So after a quick look on the internet I found a tool to turn a JSON Schema into an HTML page. The result looks rather smart.

Recall the config structures (with comments and derive attributes removed) are:

pub struct Config<V = String> {
    name: String,
    version: V,
    description: Option<String>,
    #[serde(flatten)]
    data: AppData,
}

pub struct AppData {
    source: Source,
    target: std::path::PathBuf,
    actions: Vec<Actions>,
}

pub enum Source {
    File(std::path::PathBuf),
    Url(String),
}

#[serde(rename_all = "snake_case")]
pub enum Actions {
    Foo,
    Bar,
    Baz,
    FooBar,
    BarBaz,
    #[serde(rename = "fbb")]
    FooBarBaz,
}

The HTML document looks like:

This time I’m not cropping anything out! This is all that appears. The fields from AppData have been nicely flattened into the top level.

We can click on the fields to expand them:

It’s even tried to render the markdown in the fields’ doc comments.
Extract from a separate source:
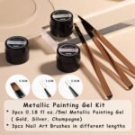 【You Will Get】 Our chrome metallic painting gel set includes 3pcs 0.18 fl oz./5ml painting gel nail polish ( gold, silver, champagne) and 3pcs nail art brushes in different sizes, can be used to outline the lines accurately and draw different patterns to create your own nail art designs.

Unfortunately it hasn’t rendered the syntax highlighting hint properly. But this was the first tool I found from searching on the internet so I’ll not let small formatting details put a downer on things for now. 🌞

What it’s done for our enums is nice:

Clicking on Option 2 we see:

Here I put the doc comments on the enum rather than individual variants. Had I done that instead there’d be a description of url and file available.

I really like how the actions field has rendered:

This is all looking quite good. As config grows in complexity it looks like this format will naturally extend and be navigable and readable.

The schemars::Schema trait seems to generate a good JSON Schema, and once you have your JSON Schema you can make your choice of JSON Schema -> HTML renderer.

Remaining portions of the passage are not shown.